I’d use Miracle Whip instead of mayo if I was doing it, but there’s not enough to taste the difference. We also generally add a 2nd can of cream of chicken soup so there’s more (& thicker) gravy. We have used the light Miracle Whip and the “healthy request” can of chicken soup with no discernible difference.
Obviously, a rotisserie chicken makes this go a little more quickly. Ha ha. Also, I like to grill the chicken breasts on the counter-top electric grill rather than boil them. Seems easier, and I like the dark edges.
This is one of my favorie meals, it lasts for lunches for days or freezes well. I like ’em with a side of nice fresh green beans.
Also… you could change it up with Cream of Mushroom or Cream of Celery or Cream of whatever soup… Not sure how you’d adapt to a vegetarian/vegan version if you wanted to… I know Campbell’s “cream of” soups have “natural flavors” that could have once been alive & self-aware… and I’m not sure about stove-top stuffing but I’m sure there’s chicken flavoring in there.
We’ve also done this with leftover Turkey & stuffing after Thanksgiving.
Recently, we had a ridiculously excellent fall dinner. I could eat this meal several nights a week, and not grow tired of it.
First up was the acorn squash, which is really easy to prepare once you get the damn thing cut open. I have recently stopped trying to go through the whole thing at once.
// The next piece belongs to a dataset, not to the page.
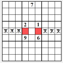 특정 행이나 열 안에 숫자를 못박는 데 도움이 될 것이다. 7번 숫자는 가운데 줄의 적색 셀에만 삽입할 수 있음을 보여주고 있다. 따라서 나머지 줄에서 숫자 7은 들어갈 수 없다.

I use a serrated knife and poke from the beside stem into the center, then slice out form the stem all the way back around until I hit the stem again, then crack it open.
After scooping out the seeds (which I always wonder about cooking like pumpkin seeds) and stringy gross stuff, I placed the two halves orange side up in a glass baking dish in about ½” to ¾” of water. Don’t worry, they actually generally do sit up that way without a problem. I sliced the tops/insides a little in preparation for the next part…
I melted some butter (or some Country Crock spread actually) in the microwave, probably about 3 tablespoons worth, and added a little bit of brown sugar, stirred, then ladled it on the top & into the cup formed in the middle. Add it to taste. I don’t really ever measure this. If you’re looking for a measurement form me, add what you think is too much brown sugar, then add a pinch more. I also added a tiny bit of black pepper & paprika to mine this time… but I add that to almost everything.
After that, I placed it in the already pre-heating oven at 400° for about an hour and 5 minutes. I was going for somewhere between an hour and an hour & 15 minutes, and it worked out closer to the hour this time. Check on it around the hour mark. This one was roasted perfectly… the meat of the squash was just melting on to the spoon, & peeling right off of the skin inside. It was really a great flavorful vegetable. I don’t know if this is baking or roasting, but whatever it is, it works. It would have also been good scooped out & served like groovy orange mashed potatoes.
Up next was the corn, figuring temperature was more important for the squash, I typically roast corn at 425° or 450° for 20 minutes to a half hour… but figured why not let it ride along with the squash here?
My wife & I carefully pulled back all the husks… just pulled them back not off, then removed the silk.
We buttered (again, we used Country Crock’s butter approximation), salted, & peppered the corn.
Next we wrapped it back up, and tied the tops back together using a loose strand of the husk. This doesn’t always work out, so sometimes I use foil & make little caps to keep ’em all bound together.
I did a whole post on corn & why you should keep it in the husk, and never ever boil it unless you’re making soup. You can read that here if you’re interested. As you can see, “other stuff in the oven” is not even a good excuse to boil corn. It can go along for the ride. Proof? It turned out beautifully:
I wish my cell phone’s camera got better shots. I need to think farther than Facebook or Twitter when taking food photos, and get the real camera so I can post more to this blog. The corn husks did smoke a little… but I didn’t see any flames, and it let me know when it was done. Ha ha ha. I’ve grown to not rely on timers so much, but to go with temperature and a gut feeling.
Oddly enough for a carnivore like myself, the steak was not the star of this meal. We just got some thin skillet steaks and put them on the Foreman grill oiled, salted, & peppered for about 5 minutes, maybe a little less. They turned out fine. The Foreman Grill seems to be my go-to tool for cooking meat until I get new knobs for by real grill outside. I’m in a Yahoo! Group that’s a really good resource for innovative GFG cooking.
I topped it all off with the newly resurrected Duquesne Beer. [Insert zombie and or Jesus joke here.] I have a collection of antique bottles and have a Duke beer bottle in with my local stuff… so when I heard that they were making it again, I knew I had to try some. I was born after the company was dissolved the first time, so I can’t compare it to the original… but it is a nice mellow pilsner that goes well with this kind of dinner. It rounded out the meal perfectly.
It was aggravating to get my hands on some though… they’ve had a weird release schedule, and no 6 pack shops around me were carrying the stuff. When one local pizza joint was listed as having the stuff, I went there to buy some and they had no idea what I was talking about. I ended up buying a case, but luckily I don’t feel “stuck” with something that I don’t like.